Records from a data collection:
((
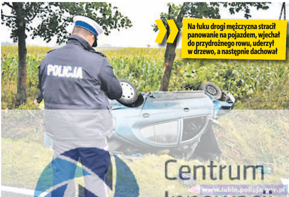
Na łuku drogi mężczyzna stracił panowanie na pojeździe, wjechał do przydrożnego rowu, uderzył w drzewo, a następnie dachował

wiatu polkowickiego. Jechał od Krzeczyna Wielkiego do Lubina. Na łuku drogi stracił panowanie nad pojazdem, wjechał do przydrożnego rowu, uderzył w drzewo, a następnie dachował. Wraz z nim podróżowała 28-letnia kobieta, dwoje dzieci w wieku 5 i 3 lata oraz 36-letni mężczyzna. JOANNA MICHALAK
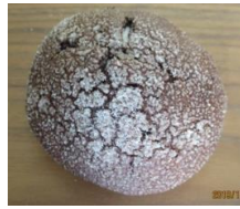
ココアメロンパン 130円
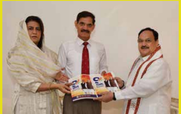
5 जून, 2023 को पूर्व सेनाध्यक्ष जनरल श्री दलवीर सिंह सुहाग से 38, डियरवुड निर्वाण कंट्री, सेक्टर 50, गुरुग्राम में भेंट करते भाजपा राष्ट्रीय अध्यक्ष श्री जगत प्रकाश नड्डा
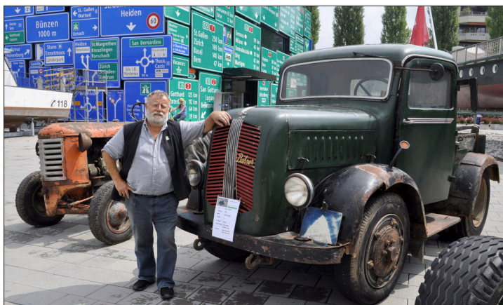
Auch das ist Bührer: Der Industrietraktor BSJ.
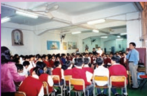
廉署「青少年誠信教育計劃」正式開展。(11/2003)
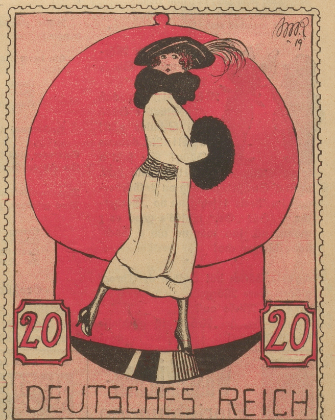
Anstatt der Größen Deutschlands, die recht problematisch, Wär' auch ein nettes „Schwobemeidle“ sehr sympathisch!
))
▸ **EXERCISE GOAL**:
If a line of the data contains the word "wjechał", it should be counted; state the total and nothing more.

▸ **SOLUTION FOR THIS TASK**:
2